::: RECORDS FOR THIS TASK
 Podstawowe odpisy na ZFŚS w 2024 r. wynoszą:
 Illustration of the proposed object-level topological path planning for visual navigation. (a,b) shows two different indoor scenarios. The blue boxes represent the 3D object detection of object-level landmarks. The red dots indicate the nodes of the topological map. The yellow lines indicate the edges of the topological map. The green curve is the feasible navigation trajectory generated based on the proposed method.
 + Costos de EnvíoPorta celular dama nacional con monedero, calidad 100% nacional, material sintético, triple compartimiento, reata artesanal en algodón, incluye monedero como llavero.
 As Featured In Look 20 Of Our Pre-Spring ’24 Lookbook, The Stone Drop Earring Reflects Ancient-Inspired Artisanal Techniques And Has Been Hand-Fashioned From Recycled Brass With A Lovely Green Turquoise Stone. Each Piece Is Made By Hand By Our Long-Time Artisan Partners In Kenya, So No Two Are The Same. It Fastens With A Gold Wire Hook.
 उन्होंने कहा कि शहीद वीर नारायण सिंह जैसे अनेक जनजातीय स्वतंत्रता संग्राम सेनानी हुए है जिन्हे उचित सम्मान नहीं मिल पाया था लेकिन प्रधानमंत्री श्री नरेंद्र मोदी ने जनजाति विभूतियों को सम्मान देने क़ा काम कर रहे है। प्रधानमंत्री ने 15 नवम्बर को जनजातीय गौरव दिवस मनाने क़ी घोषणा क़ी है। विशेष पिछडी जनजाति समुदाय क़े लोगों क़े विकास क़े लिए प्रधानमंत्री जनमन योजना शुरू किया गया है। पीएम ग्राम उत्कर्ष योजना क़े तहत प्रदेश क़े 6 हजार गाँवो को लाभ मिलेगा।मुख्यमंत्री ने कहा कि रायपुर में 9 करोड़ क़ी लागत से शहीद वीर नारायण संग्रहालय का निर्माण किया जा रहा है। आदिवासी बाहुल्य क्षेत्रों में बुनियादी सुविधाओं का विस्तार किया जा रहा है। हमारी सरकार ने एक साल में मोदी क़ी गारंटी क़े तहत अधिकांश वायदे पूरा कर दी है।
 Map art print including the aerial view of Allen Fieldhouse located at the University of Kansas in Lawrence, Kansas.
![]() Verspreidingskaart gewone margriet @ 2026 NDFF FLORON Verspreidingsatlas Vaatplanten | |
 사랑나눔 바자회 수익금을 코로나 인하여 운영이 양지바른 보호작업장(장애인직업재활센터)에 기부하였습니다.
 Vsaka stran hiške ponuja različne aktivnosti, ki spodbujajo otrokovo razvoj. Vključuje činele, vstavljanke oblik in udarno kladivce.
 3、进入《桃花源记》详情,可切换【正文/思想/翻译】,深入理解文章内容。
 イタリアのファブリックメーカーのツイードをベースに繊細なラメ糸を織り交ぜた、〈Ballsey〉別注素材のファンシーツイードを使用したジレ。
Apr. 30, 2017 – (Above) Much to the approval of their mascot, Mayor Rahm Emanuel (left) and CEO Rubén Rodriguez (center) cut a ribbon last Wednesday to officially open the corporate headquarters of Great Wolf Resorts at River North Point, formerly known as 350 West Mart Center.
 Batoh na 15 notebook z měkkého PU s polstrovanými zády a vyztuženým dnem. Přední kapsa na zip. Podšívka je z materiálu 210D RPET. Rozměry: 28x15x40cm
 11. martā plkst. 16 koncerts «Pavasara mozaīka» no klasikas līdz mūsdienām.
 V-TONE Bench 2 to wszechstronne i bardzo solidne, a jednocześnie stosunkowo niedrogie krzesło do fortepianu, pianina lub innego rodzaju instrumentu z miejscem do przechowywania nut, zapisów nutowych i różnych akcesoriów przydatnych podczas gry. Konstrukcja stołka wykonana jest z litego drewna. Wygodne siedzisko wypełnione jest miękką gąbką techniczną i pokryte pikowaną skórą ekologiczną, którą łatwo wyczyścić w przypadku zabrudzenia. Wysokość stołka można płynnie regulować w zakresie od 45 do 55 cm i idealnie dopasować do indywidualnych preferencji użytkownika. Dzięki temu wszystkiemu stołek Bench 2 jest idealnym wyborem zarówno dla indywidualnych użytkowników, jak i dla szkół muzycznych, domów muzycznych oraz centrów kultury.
::::::
→ **EXERCISE DIRECTIONS**
Using the entries above, give back exactly the line containing "3、进入《桃花源记》详情,可切换【正文/思想/翻译】,深入理解文章内容。", the line containing "イタリアのファブリックメーカ", and every line between them, and nothing else.

→ **SOLUTION FOR THIS PROBLEM**
 3、进入《桃花源记》详情,可切换【正文/思想/翻译】,深入理解文章内容。
 イタリアのファブリックメーカーのツイードをベースに繊細なラメ糸を織り交ぜた、〈Ballsey〉別注素材のファンシーツイードを使用したジレ。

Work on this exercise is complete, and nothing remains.